Until they agree, the IMF executive board will not sign on the deal.

Meanwhile, we need immediate forex support and the Sri Lanka government has reached out to India, China, ADB (Asian Development Bank) and others for bridge finance to tide us through.

Sri Lanka also does not have a demographic advantage.

Yes, unlike India, Nepal or Bangladesh, where the young population creates a rising consumption base and an expanding labour force.

Sri Lanka has to depend on making its older labour force more productive.

That means we need to invest in skills, in technology but all that requires a strong public finance.

Also, as our dependency ratio is high, the tax revenue needed to sustain these rises, whereas our population in the productive age group is shrinking.

Sri Lanka, therefore, is a complete outlier since our population is ageing at a much lower per capita income than, say, Japan.

The bulk of Sri Lankan labour force -- about 60 per cent -- is in the informal sector.

So, the IMF programme, that will put a cap on expenditure, is of serious concern for us.

What are the positives you see from these annual summits?

When you talk of South Asia, there is an unfortunate air of pessimism, like on trade possibilities.

It is a story of fits and starts, periods of accelerated engagement, like the India-Sri Lanka FTA of 1998, punctured by subsequent political fallouts.

I see, however, most of us now have coherence on macro policies, the need for outward orientation, liberalisation of tariffs, improving logistics and pursuing open borders.

Obviously, some will move faster bilaterally, like Bangladesh is negotiating an FTA with India.
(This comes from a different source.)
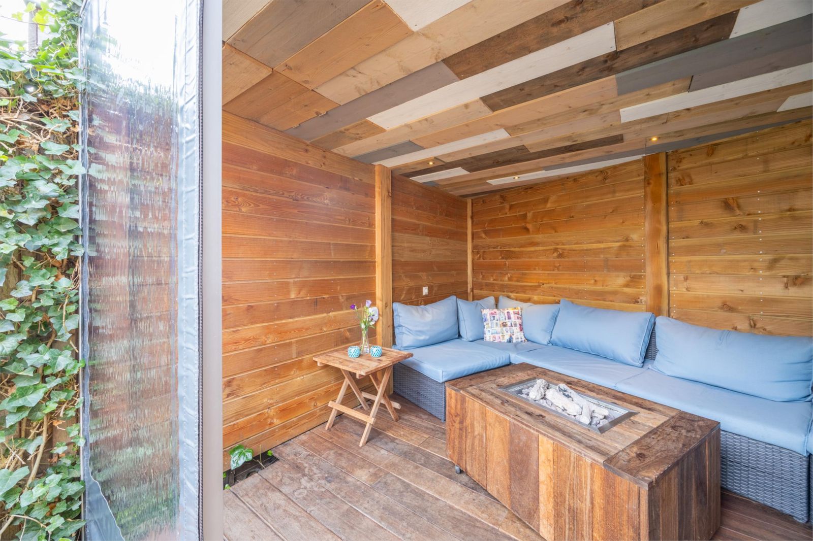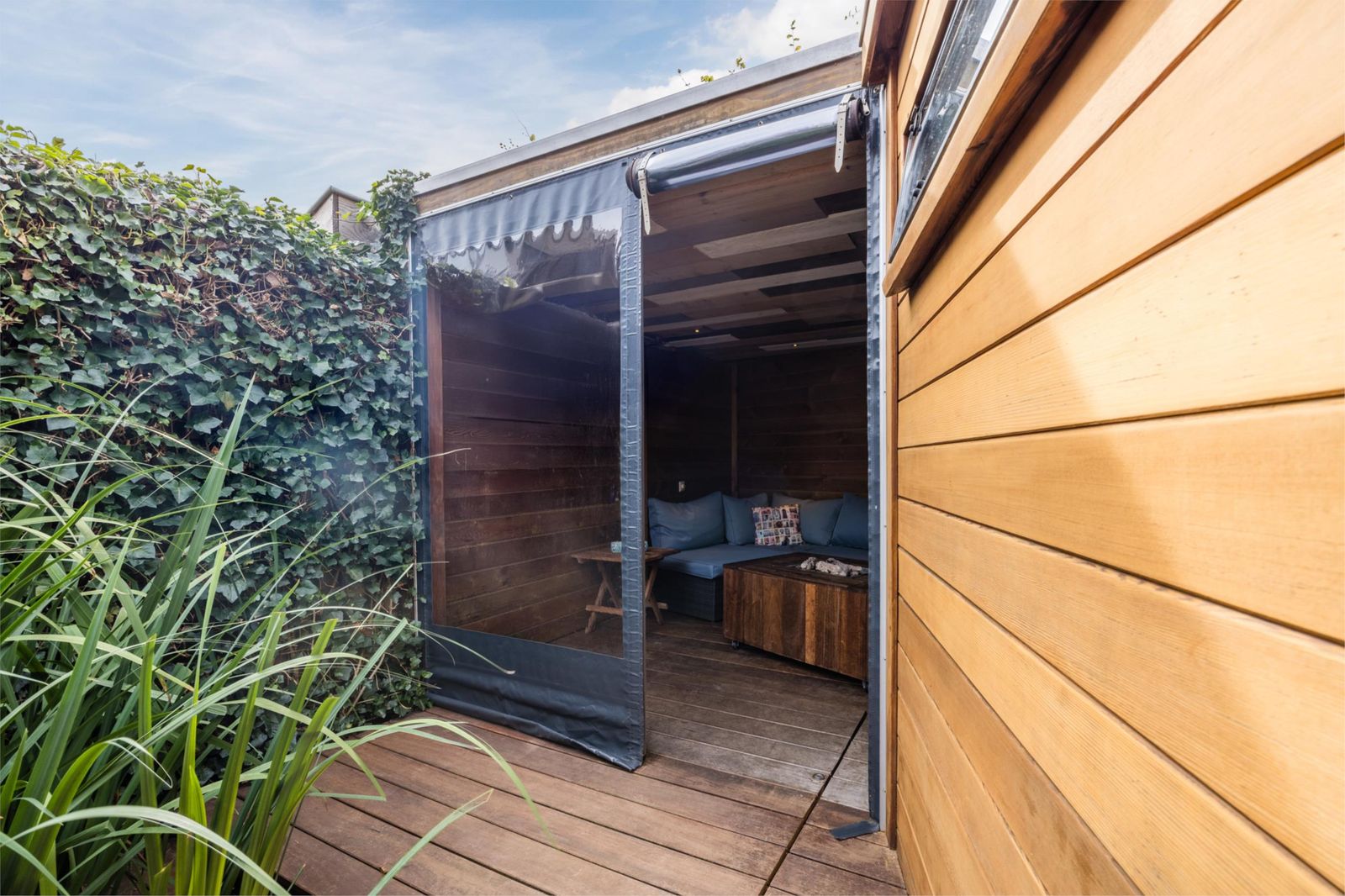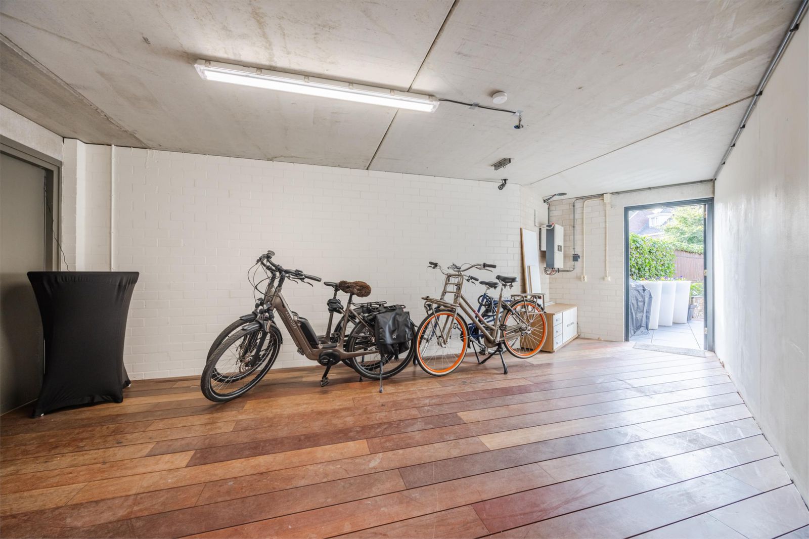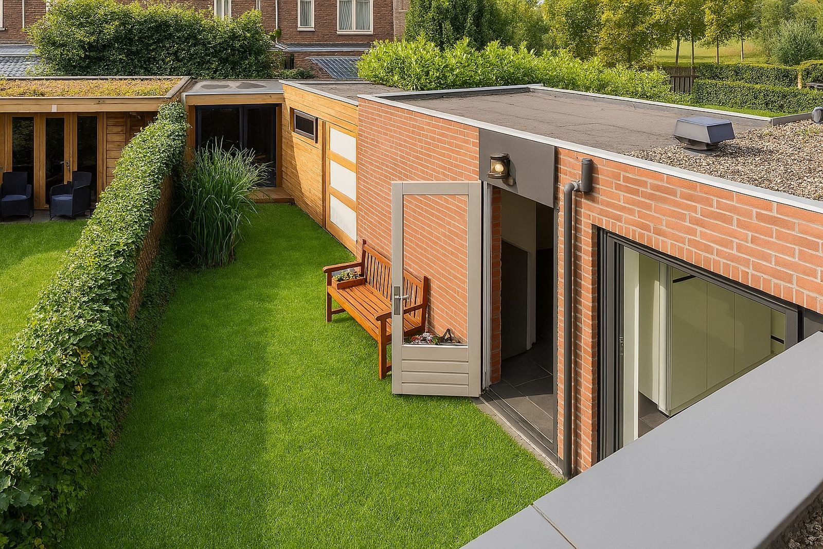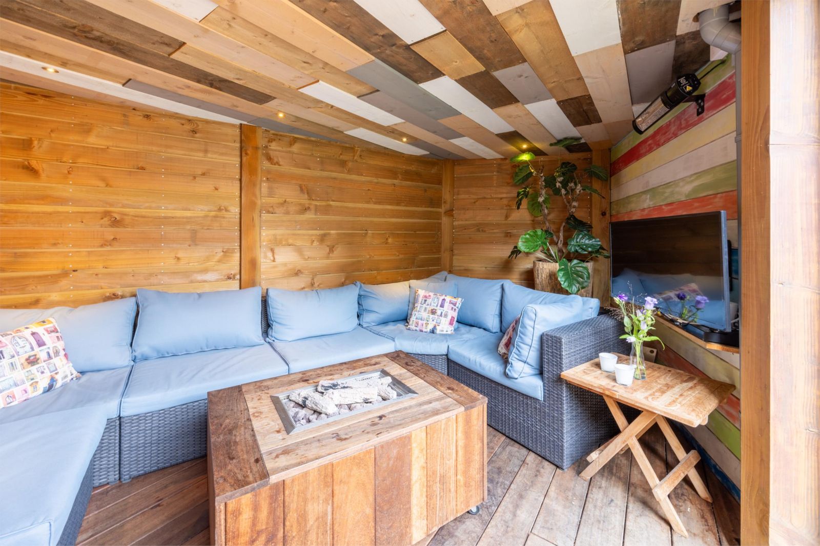 Ruime inpandige garage met luxe houten vloer. De garage is ook ideaal voor opslag, hobby, werkruimte of extra kamer. In de achtertuin is een volledig geïsoleerde duurzaam houten berging aanwezig + een geïsoleerde overkapping die geheel afsluitbaar is.

IMAGE: Demonstrators march towards Sri Lankan Prime Minister Mahinda Rajapaksa's residence in Colombo, April 24, 2022. Photograph: Navesh Chitrakar/Reuters

You pointed to the role of technology in solving problems in South Asia.

If you look at trade facilitation, there has been immense improvement in this region in making our Customs procedure digitalised.

In that sense, there is bypassing of border restrictions.

When Sri Lanka, for instance, needed to provide cash handouts in Covid, the Indian experience of unique ID -- Aadhaar -- was held up as a way forward for us too.

That is something we are implementing now.

In deployment of fintech, Bangladesh is way ahead in certain areas.

This region has similar bottlenecks in social and institutional infrastructure and these experiences are useful to share.

More than learning from say the US or EU, if there is an experience we could pick up from India that is more easily applicable to Sri Lanka.